Arch Rao, Founder and CEO at Span
How to Evaluate Whether Hosting an XFRA Node Makes Sense for Your Home
- Financial Trade-off: You receive approximately $150 monthly in utility bill coverage, which works out to $1,800 annually. Assess whether this payment justifies hosting enterprise-grade GPU hardware on your property and the potential data access implications
- Noise and Disruption: While Span claims XFRA units are fanless and run quietly, verify this during the 100-home trial launching later in 2026. Existing data centers have triggered class-action lawsuits over noise levels reaching 84 decibels, affecting over 1,300 homes within a one-mile radius in some cases
- Data Privacy Concerns: Since Span manages both your electrical connection and internet service, your internet traffic routes through Span's network. This raises legitimate questions about whether Span could observe your browsing patterns. The company has not yet published detailed data-handling policies for this arrangement
- Physical Security: Data centers require significant physical security due to the hardware's value. Some users have flagged potential theft and security risks with distributed residential units, though Span has not yet addressed these concerns publicly
Span launched in 2018 with a track record in home energy management. For the XFRA rollout, the company has partnered with NVIDIA, which supplies the GPU hardware, and PulteGroup, one of the largest homebuilders in the US, which will test the system in new residential communities. Prototype deployments are already live in Northern California, with a broader 100-home trial rolling out later in 2026.
Span's chief revenue officer, Ryan Harris, stated that the company targets one to two megawatts of compute by year-end, scaling to over 1 gigawatt annually from 2027. This aggressive timeline reflects the urgency AI companies feel about securing additional computing capacity.
What Are the Real-World Obstacles to Scaling This Model?
The biggest challenge isn't technical; it's social.

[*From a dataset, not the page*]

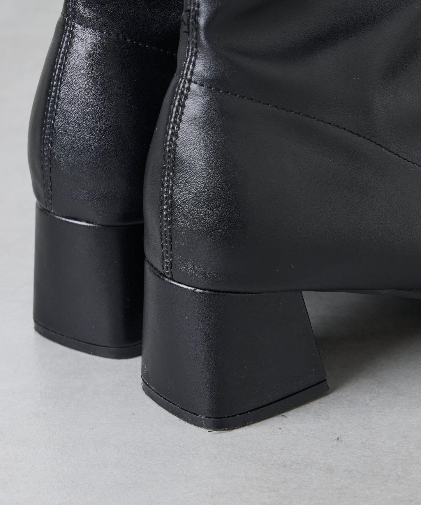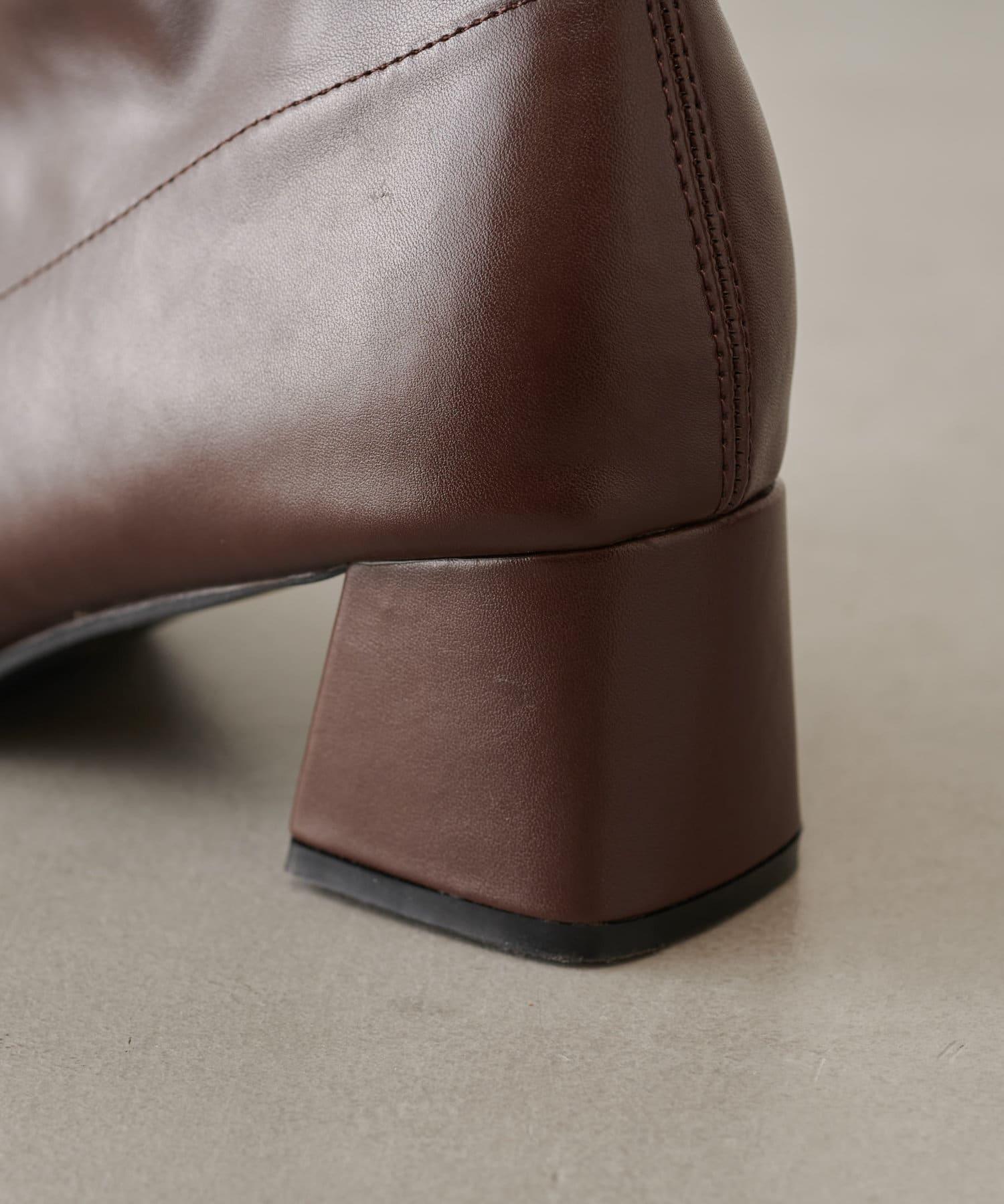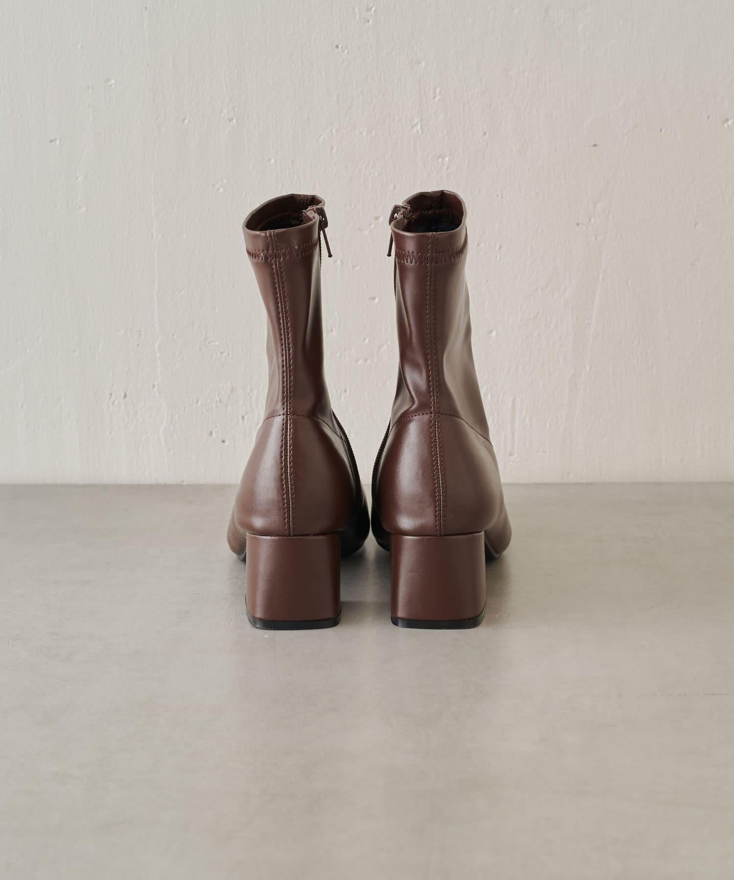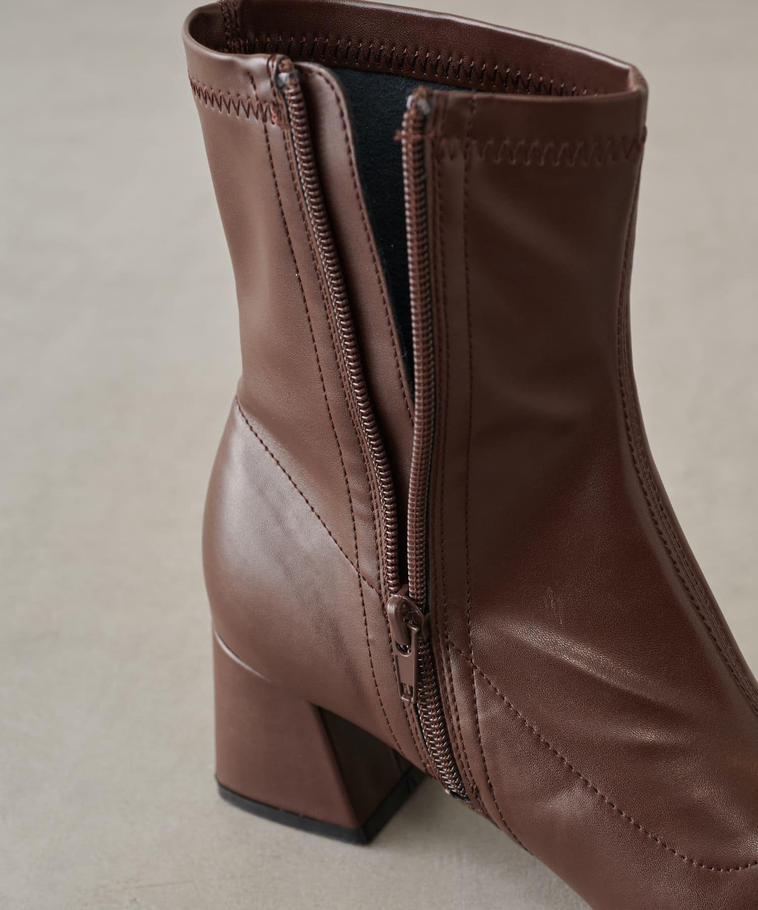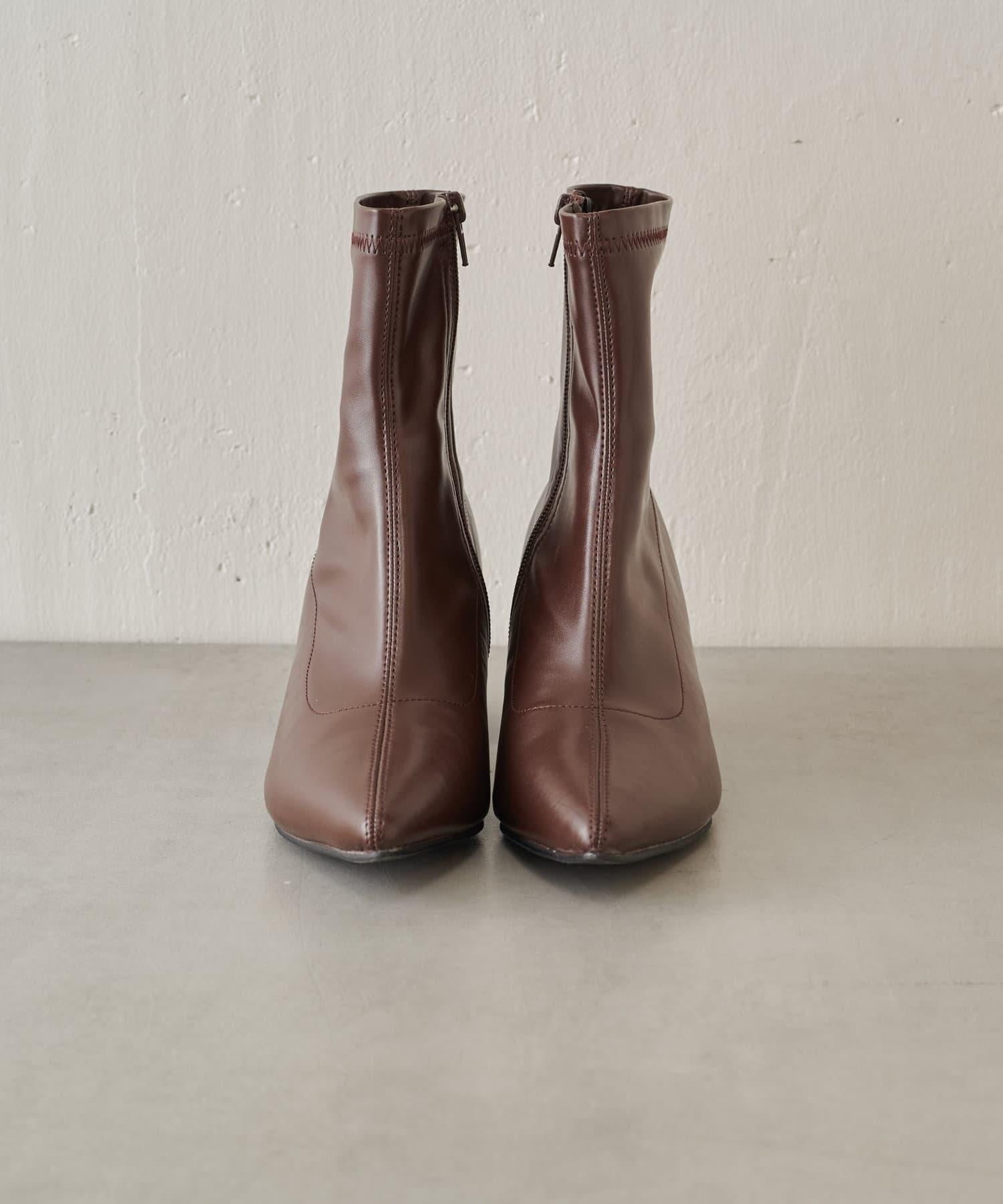 這款短靴鞋跟適中,鞋頭尖尖,腳部看起來乾淨利落。
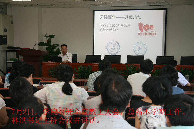 2012年7月2日上午,外文学院在后主楼914学术报告厅召开了例行的全院教工大会。根据学院全院教工大会的制度,学院每学期要召开1-2次全院大会。

Communities near existing data centers have already begun fighting back. In Dowagiac, Michigan, residents near the Hyperscale data center filed a class-action lawsuit in federal court, reporting noise readings as high as 84 decibels affecting more than 1,300 homes within a one-mile radius. One resident described the sound as "like having a vacuum cleaner running all the time." In New Jersey, two neighbors sued DataOne USA over an industrial hum that never stops. Virginia residents near Google's "Mango Farm" complex describe the sound as "an internal organ vibration" that triggers anxiety attacks.
The Environmental and Energy Study Institute points out that most local noise ordinances cover noisy parties, not 24/7 industrial facilities running indefinitely. Span's fanless design directly addresses noise concerns, but skeptics note the 100-home trial is small. Scaling to thousands of units across diverse neighborhoods will surface new challenges that prototype testing may not reveal.
Whether homeowners and their communities embrace this model depends on whether the financial incentive outweighs concerns about data privacy, physical security, and long-term neighborhood impacts. The next few months of testing will provide crucial data on whether distributed residential compute can become a mainstream solution to AI's infrastructure crisis.